Александр Николаевич молчал. Он не был ни слишком ласков, ни слишком груб. Привозил Лизе небольшие дежурные подарки, чаще всего что-нибудь по хозяйству — посуду, кухонную утварь, какой-то интересный текстиль… Лиза благодарила его за эти дары, но прекрасно понимала, что, если завтра придется разводиться, все это останется в доме академика… Ей лично за эти два месяца он не привез ничего, и это было плохим признаком…
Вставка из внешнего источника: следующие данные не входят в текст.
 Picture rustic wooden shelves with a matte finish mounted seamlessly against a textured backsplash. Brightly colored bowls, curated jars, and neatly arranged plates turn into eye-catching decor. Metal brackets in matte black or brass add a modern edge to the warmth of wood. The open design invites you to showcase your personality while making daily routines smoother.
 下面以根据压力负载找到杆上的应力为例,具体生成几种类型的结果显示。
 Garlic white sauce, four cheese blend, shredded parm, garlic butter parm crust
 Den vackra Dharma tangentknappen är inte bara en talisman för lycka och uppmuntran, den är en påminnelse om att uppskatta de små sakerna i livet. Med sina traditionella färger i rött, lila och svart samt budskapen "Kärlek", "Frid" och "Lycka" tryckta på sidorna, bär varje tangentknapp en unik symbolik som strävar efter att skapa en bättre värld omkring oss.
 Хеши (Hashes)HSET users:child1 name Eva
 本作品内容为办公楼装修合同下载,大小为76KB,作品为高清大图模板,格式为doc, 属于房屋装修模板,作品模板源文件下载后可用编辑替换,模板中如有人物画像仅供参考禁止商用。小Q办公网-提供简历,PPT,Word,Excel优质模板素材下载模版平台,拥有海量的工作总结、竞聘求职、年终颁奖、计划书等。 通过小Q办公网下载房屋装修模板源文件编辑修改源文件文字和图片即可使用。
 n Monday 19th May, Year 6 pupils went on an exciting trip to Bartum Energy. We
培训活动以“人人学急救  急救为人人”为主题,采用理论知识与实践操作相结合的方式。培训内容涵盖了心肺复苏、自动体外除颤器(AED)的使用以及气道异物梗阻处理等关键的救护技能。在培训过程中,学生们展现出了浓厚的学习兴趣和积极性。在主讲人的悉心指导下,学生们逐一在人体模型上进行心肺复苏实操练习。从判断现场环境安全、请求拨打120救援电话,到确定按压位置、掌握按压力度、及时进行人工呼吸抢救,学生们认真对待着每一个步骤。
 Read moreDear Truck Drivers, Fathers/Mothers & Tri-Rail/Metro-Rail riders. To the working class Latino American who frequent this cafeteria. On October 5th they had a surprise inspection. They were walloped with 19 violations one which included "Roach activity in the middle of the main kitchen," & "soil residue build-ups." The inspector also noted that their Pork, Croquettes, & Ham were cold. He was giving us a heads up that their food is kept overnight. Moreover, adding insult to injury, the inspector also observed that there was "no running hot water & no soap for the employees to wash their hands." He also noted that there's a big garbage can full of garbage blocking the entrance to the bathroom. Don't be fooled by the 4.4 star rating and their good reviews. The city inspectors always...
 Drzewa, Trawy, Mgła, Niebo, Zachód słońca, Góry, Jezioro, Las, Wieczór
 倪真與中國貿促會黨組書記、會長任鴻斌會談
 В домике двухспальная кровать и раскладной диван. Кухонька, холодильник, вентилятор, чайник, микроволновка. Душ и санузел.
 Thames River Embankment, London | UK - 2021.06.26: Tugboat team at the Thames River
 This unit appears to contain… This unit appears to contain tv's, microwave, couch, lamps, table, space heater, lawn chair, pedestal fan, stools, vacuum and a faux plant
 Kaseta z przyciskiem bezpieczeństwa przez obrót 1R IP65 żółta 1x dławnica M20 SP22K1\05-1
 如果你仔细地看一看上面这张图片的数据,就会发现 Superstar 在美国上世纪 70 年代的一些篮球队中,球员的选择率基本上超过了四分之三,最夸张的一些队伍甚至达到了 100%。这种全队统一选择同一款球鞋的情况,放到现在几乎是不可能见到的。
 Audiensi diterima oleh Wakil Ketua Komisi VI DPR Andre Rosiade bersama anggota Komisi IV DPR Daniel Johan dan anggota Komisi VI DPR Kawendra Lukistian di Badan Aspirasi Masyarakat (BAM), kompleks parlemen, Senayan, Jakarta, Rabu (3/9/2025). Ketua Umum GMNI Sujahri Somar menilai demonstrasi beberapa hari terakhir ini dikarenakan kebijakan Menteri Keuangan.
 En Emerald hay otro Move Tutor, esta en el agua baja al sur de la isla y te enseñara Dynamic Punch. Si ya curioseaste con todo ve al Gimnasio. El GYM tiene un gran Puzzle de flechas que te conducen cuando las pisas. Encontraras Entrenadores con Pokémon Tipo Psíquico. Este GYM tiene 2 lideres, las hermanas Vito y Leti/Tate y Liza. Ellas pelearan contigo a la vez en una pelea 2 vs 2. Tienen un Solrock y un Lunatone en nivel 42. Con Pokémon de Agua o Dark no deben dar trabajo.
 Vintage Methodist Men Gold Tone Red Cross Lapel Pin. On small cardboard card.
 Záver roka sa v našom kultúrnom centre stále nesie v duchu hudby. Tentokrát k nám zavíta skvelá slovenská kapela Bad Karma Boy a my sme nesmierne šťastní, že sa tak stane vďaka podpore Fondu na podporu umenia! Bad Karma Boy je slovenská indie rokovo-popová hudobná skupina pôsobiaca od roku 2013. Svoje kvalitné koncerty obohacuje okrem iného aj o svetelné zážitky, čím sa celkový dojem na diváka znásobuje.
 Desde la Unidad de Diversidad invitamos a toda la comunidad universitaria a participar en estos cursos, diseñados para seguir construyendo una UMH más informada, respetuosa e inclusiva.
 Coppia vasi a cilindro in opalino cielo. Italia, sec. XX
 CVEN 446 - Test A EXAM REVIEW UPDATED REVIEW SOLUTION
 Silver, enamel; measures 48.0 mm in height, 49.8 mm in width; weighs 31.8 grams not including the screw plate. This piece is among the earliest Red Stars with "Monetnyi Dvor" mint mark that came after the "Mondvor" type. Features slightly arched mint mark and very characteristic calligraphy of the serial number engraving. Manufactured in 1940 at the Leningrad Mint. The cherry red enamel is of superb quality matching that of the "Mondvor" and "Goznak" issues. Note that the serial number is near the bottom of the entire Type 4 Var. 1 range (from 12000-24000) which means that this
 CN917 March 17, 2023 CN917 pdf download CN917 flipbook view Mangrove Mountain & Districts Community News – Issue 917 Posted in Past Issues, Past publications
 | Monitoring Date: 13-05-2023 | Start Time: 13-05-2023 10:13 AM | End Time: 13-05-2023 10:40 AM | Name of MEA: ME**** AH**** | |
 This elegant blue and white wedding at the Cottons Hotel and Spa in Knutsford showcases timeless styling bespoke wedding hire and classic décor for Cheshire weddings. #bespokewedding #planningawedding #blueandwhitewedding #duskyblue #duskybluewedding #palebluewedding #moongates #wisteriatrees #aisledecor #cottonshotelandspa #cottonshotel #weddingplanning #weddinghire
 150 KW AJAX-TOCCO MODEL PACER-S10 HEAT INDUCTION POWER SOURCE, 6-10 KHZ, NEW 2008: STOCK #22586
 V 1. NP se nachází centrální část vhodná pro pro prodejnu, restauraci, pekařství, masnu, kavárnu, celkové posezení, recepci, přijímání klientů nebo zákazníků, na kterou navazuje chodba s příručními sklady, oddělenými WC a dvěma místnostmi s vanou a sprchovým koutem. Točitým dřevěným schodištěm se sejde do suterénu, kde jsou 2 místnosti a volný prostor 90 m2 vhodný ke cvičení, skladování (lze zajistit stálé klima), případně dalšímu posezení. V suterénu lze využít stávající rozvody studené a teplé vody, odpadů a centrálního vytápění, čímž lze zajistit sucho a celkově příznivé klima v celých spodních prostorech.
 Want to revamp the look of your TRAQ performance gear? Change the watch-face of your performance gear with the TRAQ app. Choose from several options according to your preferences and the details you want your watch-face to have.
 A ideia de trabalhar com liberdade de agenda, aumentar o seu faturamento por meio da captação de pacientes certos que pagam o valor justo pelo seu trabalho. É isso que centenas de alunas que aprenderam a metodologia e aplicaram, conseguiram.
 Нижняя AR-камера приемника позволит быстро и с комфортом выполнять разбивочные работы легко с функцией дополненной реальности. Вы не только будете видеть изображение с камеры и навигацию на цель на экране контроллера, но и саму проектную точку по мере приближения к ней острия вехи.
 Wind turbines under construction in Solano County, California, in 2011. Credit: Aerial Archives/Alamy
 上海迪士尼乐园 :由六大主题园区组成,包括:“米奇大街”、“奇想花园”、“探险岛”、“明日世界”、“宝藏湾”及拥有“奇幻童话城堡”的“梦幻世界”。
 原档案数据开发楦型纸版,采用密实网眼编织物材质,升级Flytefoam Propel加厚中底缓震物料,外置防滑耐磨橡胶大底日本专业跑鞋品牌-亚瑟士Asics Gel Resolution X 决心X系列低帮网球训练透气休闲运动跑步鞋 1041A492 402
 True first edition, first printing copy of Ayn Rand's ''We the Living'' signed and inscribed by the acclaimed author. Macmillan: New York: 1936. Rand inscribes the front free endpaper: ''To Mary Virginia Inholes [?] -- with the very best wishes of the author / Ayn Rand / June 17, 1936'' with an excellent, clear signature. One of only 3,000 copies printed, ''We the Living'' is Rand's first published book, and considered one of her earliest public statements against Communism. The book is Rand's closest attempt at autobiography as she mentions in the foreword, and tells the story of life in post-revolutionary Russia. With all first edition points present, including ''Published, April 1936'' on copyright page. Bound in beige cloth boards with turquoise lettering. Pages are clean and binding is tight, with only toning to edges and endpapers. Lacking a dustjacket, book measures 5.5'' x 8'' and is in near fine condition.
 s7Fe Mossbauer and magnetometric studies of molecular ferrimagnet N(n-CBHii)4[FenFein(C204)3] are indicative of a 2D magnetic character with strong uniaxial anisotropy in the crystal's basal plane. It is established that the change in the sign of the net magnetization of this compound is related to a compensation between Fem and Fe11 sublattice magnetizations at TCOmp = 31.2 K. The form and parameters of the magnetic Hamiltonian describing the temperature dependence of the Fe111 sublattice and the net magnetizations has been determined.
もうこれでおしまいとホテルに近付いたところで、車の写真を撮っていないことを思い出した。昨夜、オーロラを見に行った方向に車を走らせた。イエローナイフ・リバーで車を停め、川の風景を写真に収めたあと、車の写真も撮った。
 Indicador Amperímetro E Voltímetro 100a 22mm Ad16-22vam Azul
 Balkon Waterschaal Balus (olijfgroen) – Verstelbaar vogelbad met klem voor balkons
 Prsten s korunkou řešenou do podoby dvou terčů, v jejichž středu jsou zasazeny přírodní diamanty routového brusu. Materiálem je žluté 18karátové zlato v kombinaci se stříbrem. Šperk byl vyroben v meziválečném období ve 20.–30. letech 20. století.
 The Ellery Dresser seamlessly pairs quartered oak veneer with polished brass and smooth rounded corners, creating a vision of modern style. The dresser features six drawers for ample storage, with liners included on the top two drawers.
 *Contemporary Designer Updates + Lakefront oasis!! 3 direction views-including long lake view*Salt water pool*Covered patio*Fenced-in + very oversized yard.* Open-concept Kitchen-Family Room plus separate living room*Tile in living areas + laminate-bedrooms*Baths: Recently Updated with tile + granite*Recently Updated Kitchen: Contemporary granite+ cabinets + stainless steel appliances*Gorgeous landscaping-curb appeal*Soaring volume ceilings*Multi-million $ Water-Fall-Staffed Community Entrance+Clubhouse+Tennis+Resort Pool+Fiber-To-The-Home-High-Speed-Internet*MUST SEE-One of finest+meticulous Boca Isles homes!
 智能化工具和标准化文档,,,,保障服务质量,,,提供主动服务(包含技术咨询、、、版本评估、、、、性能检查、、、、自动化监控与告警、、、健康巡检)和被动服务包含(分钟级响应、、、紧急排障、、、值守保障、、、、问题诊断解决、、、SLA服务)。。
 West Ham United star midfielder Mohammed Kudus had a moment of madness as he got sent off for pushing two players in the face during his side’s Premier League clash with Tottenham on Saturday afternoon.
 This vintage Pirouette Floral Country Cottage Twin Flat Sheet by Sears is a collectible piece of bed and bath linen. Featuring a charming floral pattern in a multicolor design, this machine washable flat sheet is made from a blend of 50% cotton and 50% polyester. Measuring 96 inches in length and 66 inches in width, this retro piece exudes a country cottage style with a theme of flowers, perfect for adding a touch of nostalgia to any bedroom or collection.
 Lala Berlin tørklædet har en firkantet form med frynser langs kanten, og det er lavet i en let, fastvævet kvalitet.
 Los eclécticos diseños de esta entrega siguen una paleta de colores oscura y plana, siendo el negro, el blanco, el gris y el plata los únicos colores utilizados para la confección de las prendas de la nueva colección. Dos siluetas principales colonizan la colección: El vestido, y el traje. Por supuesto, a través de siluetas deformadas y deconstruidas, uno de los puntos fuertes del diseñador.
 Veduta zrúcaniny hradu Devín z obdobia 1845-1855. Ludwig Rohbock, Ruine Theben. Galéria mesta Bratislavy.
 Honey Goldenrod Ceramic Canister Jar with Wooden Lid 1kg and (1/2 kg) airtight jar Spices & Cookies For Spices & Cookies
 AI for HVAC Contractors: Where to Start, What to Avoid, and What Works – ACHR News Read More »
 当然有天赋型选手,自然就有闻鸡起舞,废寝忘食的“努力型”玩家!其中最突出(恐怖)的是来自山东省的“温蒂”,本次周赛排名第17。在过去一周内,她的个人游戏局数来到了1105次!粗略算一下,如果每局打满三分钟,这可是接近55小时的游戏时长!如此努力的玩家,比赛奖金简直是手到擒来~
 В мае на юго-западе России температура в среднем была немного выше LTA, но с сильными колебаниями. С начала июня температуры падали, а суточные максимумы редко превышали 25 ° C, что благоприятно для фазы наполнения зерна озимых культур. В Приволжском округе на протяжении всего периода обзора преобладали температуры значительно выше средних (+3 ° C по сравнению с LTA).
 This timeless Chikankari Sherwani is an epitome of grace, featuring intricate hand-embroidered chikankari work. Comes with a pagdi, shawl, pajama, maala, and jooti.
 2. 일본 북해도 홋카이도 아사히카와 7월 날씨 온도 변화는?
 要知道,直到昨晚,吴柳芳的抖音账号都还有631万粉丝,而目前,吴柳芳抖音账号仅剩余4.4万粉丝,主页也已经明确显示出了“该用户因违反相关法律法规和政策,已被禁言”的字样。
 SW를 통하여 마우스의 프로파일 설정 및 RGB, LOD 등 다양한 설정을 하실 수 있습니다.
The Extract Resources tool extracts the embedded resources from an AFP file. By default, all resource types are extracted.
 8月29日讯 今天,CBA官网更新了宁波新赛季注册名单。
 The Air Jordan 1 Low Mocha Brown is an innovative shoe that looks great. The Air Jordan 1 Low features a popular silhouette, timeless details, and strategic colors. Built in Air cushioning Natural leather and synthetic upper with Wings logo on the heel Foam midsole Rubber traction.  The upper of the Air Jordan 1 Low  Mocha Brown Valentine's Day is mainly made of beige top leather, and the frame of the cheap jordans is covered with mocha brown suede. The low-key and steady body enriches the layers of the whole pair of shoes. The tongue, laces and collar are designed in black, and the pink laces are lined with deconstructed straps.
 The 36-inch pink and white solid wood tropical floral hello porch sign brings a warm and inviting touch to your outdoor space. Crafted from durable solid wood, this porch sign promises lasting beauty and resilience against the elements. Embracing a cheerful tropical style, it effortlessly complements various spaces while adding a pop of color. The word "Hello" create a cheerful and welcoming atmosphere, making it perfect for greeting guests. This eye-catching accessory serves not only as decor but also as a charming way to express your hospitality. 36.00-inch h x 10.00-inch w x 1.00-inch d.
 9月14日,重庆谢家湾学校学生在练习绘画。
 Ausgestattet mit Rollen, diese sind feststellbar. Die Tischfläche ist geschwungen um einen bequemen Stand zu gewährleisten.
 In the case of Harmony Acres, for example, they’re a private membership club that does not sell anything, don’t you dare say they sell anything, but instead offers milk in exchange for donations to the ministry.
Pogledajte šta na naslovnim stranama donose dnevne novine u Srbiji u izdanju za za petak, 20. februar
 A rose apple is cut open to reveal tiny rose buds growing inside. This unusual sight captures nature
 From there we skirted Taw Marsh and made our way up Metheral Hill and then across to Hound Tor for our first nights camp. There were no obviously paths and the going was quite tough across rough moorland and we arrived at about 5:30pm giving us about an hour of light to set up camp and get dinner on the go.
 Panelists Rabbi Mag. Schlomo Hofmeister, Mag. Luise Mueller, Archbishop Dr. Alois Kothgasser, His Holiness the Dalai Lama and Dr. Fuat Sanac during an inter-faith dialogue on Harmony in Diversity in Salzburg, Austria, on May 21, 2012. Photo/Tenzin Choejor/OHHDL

В июне Лиза серьезно заболела: нервное переутомление и стресс сделали свое дело. Лежа в больнице, она чувствовала себя так плохо, как никогда в жизни. Физическая хворь вкупе с моральными терзаниями делали жизнь тягостной и невыносимой. Александр Николаевич ничего о ее болезни не знал, он как раз был в очередной командировке…
Но через три дня он приехал. И пришел в больницу, и поставил на уши весь персонал, заставив ходить вокруг нее на цыпочках. Тумбочка оказалась завалена фруктами и сладостями, под кроватью в ящике лежали тома Дюма и Дрюона, а для выходов в коридор он подарил ей неземной красоты золотисто-фиолетовый халат. Взглянув на этот халат и почувствовав, как рука академика гладит ее волосы, Лиза расплакалась. Она поняла, что останется женой Иванова навсегда. Однако спокойствие в ее сердце так и не вернулось. Слишком явно показала апрельская история зыбкость ее нынешнего положения, слишком силен был пережитый страх…
Возможно, кто-нибудь, хорошо знающий ее и Александра Николаевича, мог бы объяснить Лизе, что случившаяся с ней история вполне закономерна, что по неопытности и незнанию она бы рано или поздно не могла не совершить что-то подобное… И вряд ли Александр Николаевич стал бы разводиться с ней, даже если бы драгоценности на самом деле пропали…
Злопыхатели, возможно, даже напомнили бы, что один из известных профессиональных приемов академика как раз и состоял в том, что, приняв на работу нового неопытного человека, его поставили в ситуацию, где он непременно должен был совершить «роковую ошибку». После этого, кающийся и безмерно расстроенный новичок представал пред светлы очи снисходительного начальника, который самым доброжелательным образом прощал виновного, обещая взять вину на себя… Перепуганные, мгновенно лишившиеся всего понта подчиненные, ошалев от совершенного ими «греха» и терпения начальника, загорались чувством искренней признательности к шефу, раз и навсегда оставляя в руках Александра Николаевича тоненькую ниточку, за которую он мог дернуть в любой момент. Не мучаясь угрызениями совести и веря в то, что он делает все на благо коллектива и каждого сотрудника в отдельности, академик не стеснялся периодически напоминать им о содеянном, добиваясь необходимого послушания и подчинения…
Конечно, если бы драгоценности пропали на самом деле, академик был бы крайне расстроен. Но вместе с тем и очень рад. Вина Лизы оказалась бы не тоненькой ниточкой, а крепкими вожжами, которые дали бы ему надежную гарантию того, что она полностью зависит от него… Теперь ему было почти жаль, что ее промашка оказалась столь незначительной…
Александру Николаевичу даже не приходило в голову, что Лизу эти намеки на апрельскую историю почти загипнотизировали, а страх потерять его уже пропитал ее настолько, что сама одна мысль противостоять мужу не приходит в ее голову… Он же всего лишь дразнил жену, радуясь ее видимой привязанностью к нему… В его представлении такое понятие, как «страх», даже близко не могло соседствовать с таким ерундовым событием, как развод… Для Иванова страх мог быть связан с блокадным людоедством в Ленинграде, со сталинскими «воронками», с атакой армады фашистских танков в годы Великой Отечественной… Боязнь лишиться фамилии мужа и летней поездки в ведомственный санаторий на фоне этих понятных и известных ему страхов казалась микроскопической песчинкой, затерянной в космосе… Невозможно было поверить, что женщина, живущая рядом с ним, ценит все это больше, чем свою жизнь…
…Лиза готовила поднос с завтраком. Выложила на стол голландский сыр, копченую колбасу, коробку мармелада в шоколаде. До знакомства с мужем она ела эти продукты только по праздникам, а такая коробка шоколадного мармелада и вовсе была у нее в руках лишь один раз. Теперь это было ее обычной едой, но Лиза не могла к этому привыкнуть, каждый раз чрезвычайно бережно доставая продукты из холодильника.